Data entries
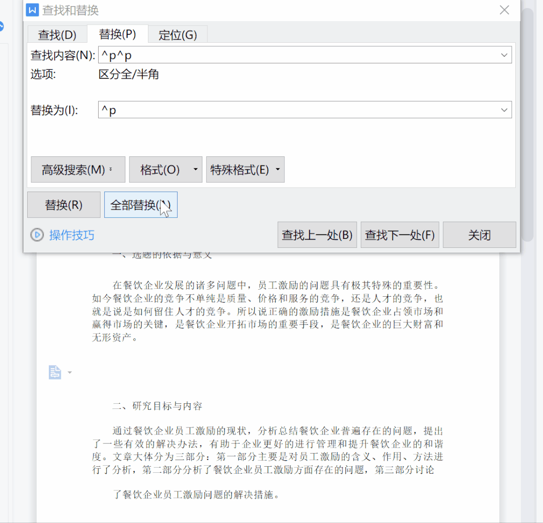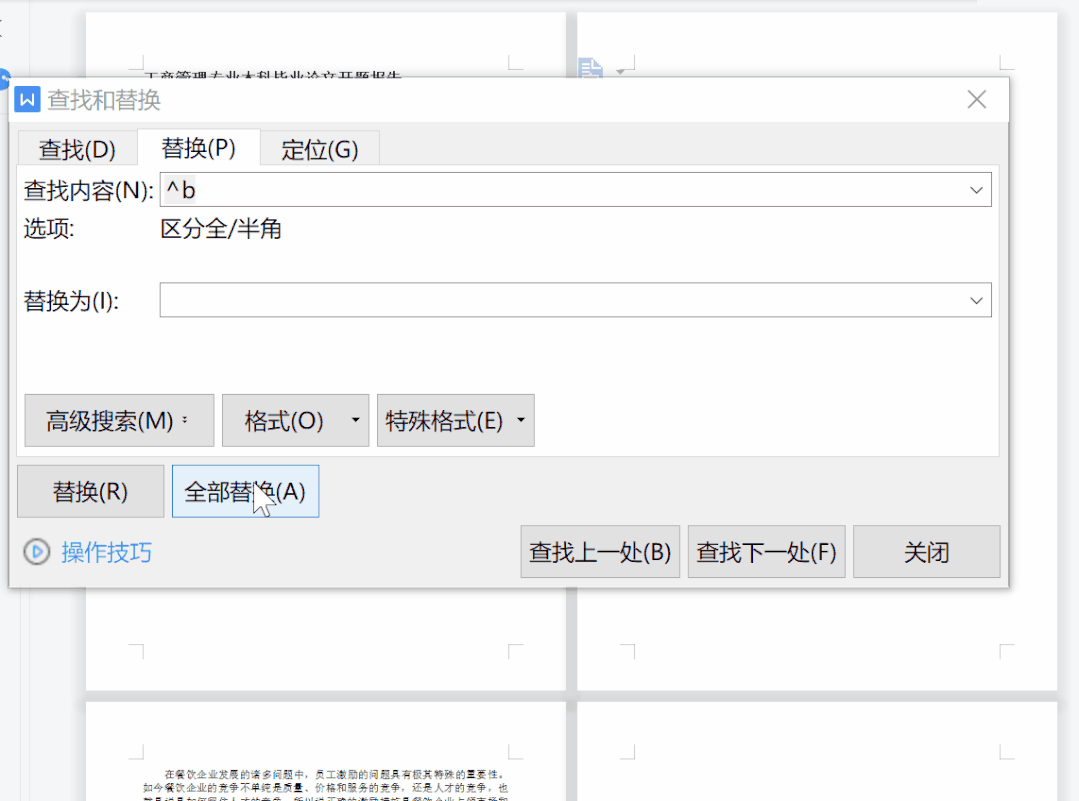 4.Ctrl+H批量删除 先来说一说批量删除空白页按住【Ctrl+H】后点击【特殊格式】中的【分节符】替换那里,不用填任何东西。
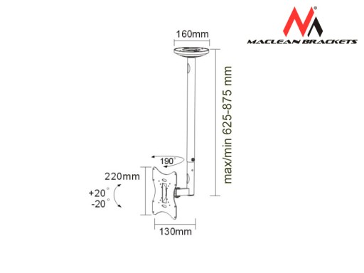 Uniwersalny uchwyt sufitowy do montażu telewizorów LCD, LED i plazmowych, oraz monitorów różnych marek o wadze do 30 kg i przekątnej ekranu od 23” do 42” (lub większych, pod warunkiem zgodności otworów montażowych VESA).
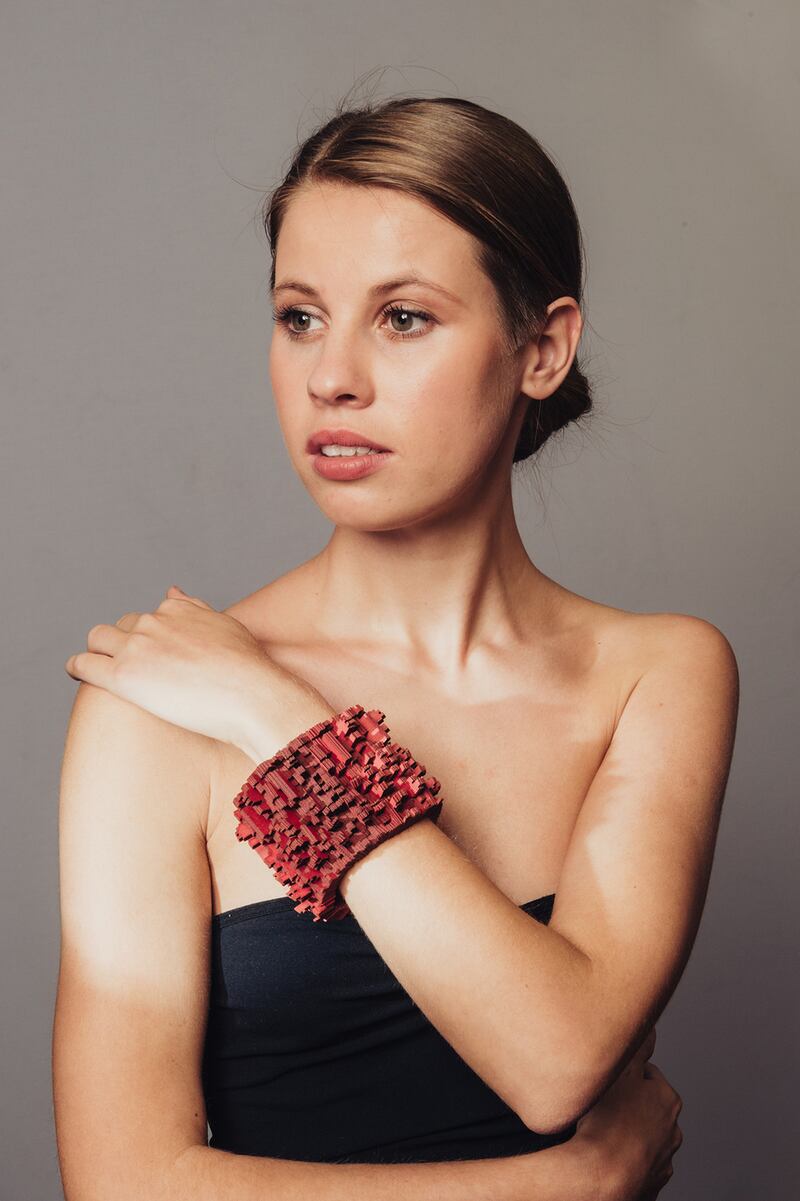 The family of Genevieve Howard is also an inspiration for her work. Her parents are composers and her musical background informs her approach, turning graphic notations from musical scores into wearable forms, laser cut with paper and then layered together.
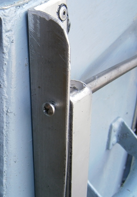 Фиксация лесенки в верхнем положениии и крепление шарнира, на этом я работы по лестнице заканчиваю,сегодня покрашена и ждем переворота лодки и изготовления поручней.Удачи всем в творчестве.
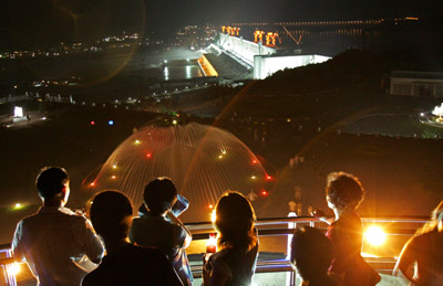 從明天起,斬斷長江的三峽大壩,每天將允許1000名普通游客把這個龐然大物“踩”在腳下!7月1日,三峽大壩壩頂將首次對游客開放,但今年的開放時間因施工需要到9月30日截止,到明年汛期再行開放。本報記者于昨日趕到壩區并星夜上壩,打探到壩頂旅游臺前幕后諸多細節。
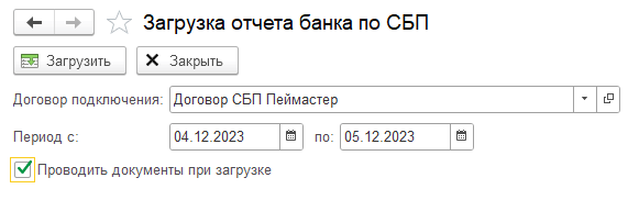 Если оплата от покупателей зачисляется общей суммой за период за минусом комиссии и банк не предоставляет данные сверки СБП, то следует выбрать настройку в договоре При зачислении на банковский счет.
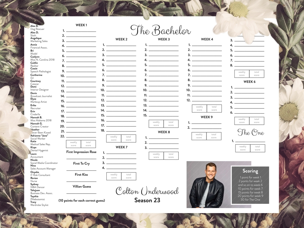 Matt James #39 #39 Bachelor #39 Bracket for Season 25: Printable
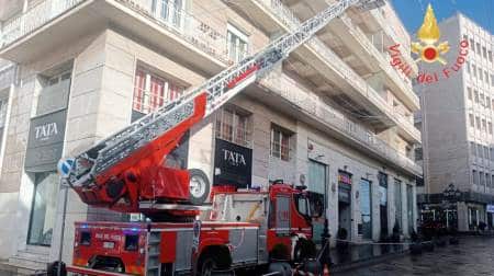 Squadre dei vigili del fuoco del Comando di Catanzaro sede centrale sono impegnate su Corso Mazzini per la rimozione di parti ammalorate di cornicioni e sottobalconi.
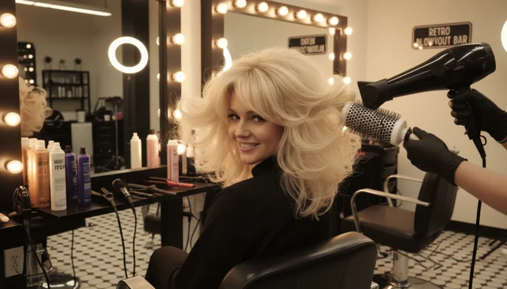 Now here’s where it gets fun. This style is a conscious nod to the blowout glamour of the early 2000s — but updated and genuinely wearable for right now. The buttercream blonde layers are flipped at the shoulders with that nostalgic blowout volume that’s been all over TikTok and salon feeds this year.
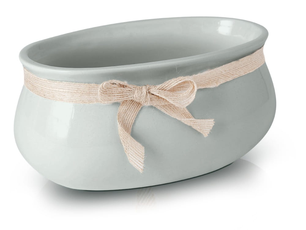 Owalna osłonka ceramiczna o charakterystycznym beczułkowatym kształcie, która dzięki subtelnemu szaremu kolorowi i błyszczącemu wykończeniu pasuje do wielu stylów wnętrz. Jej ręcznie wykonana, szkliwiona powierzchnia jest ozdobiona elegancką wstążką, co dodaje jej unikalnego, dekoracyjnego charakteru.
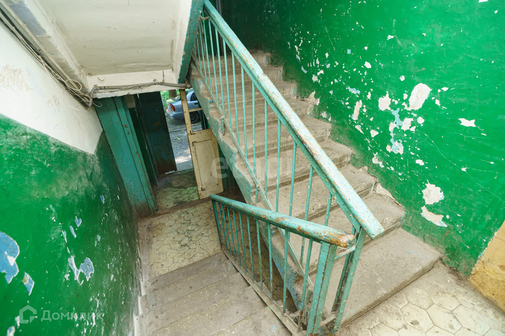 Окна пластиковые выходят на парковку перед домом.
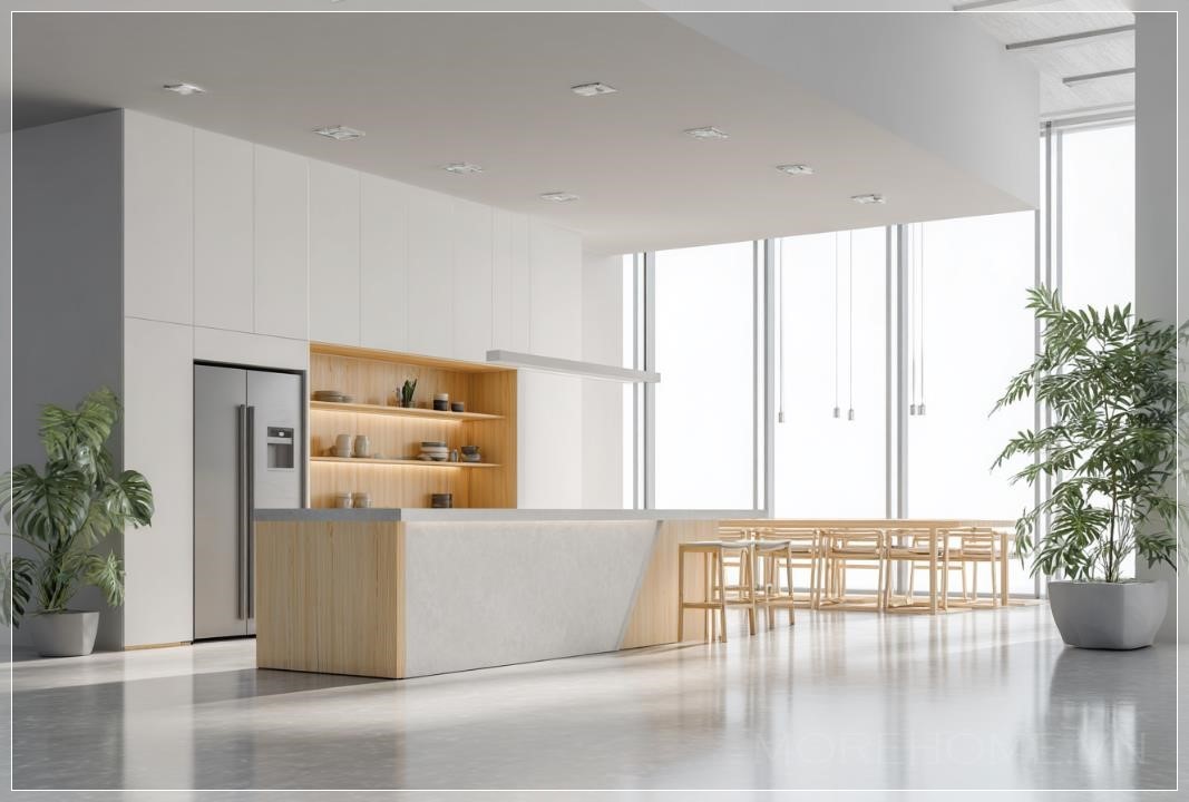 Khi bước vào một phòng bếp hiện đại được thiết kế theo phong cách này, điều đầu tiên thu hút ánh nhìn chính là sự hài hòa hoàn hảo giữa công năng và thẩm mỹ. Màu trắng tinh khôi bao phủ toàn bộ không gian, từ tủ bếp đến mặt bàn, tạo nên một bầu không khí trong lành và thoáng đãng. Sự lựa chọn màu sắc này không hề đơn đi조하지만, thực tế nó đòi hỏi sự tinh tế và am hiểu sâu sắc về cách ánh sáng tương tác với không gian.

Work task: Say again, exactly, only those lines of the records that run from the start through the line with "Matt James #39". Pictures are to be skipped.

Expected answer:
 4.Ctrl+H批量删除 先来说一说批量删除空白页按住【Ctrl+H】后点击【特殊格式】中的【分节符】替换那里,不用填任何东西。
 Uniwersalny uchwyt sufitowy do montażu telewizorów LCD, LED i plazmowych, oraz monitorów różnych marek o wadze do 30 kg i przekątnej ekranu od 23” do 42” (lub większych, pod warunkiem zgodności otworów montażowych VESA).
 The family of Genevieve Howard is also an inspiration for her work. Her parents are composers and her musical background informs her approach, turning graphic notations from musical scores into wearable forms, laser cut with paper and then layered together.
 Фиксация лесенки в верхнем положениии и крепление шарнира, на этом я работы по лестнице заканчиваю,сегодня покрашена и ждем переворота лодки и изготовления поручней.Удачи всем в творчестве.
 從明天起,斬斷長江的三峽大壩,每天將允許1000名普通游客把這個龐然大物“踩”在腳下!7月1日,三峽大壩壩頂將首次對游客開放,但今年的開放時間因施工需要到9月30日截止,到明年汛期再行開放。本報記者于昨日趕到壩區并星夜上壩,打探到壩頂旅游臺前幕后諸多細節。
 Если оплата от покупателей зачисляется общей суммой за период за минусом комиссии и банк не предоставляет данные сверки СБП, то следует выбрать настройку в договоре При зачислении на банковский счет.
 Matt James #39 #39 Bachelor #39 Bracket for Season 25: Printable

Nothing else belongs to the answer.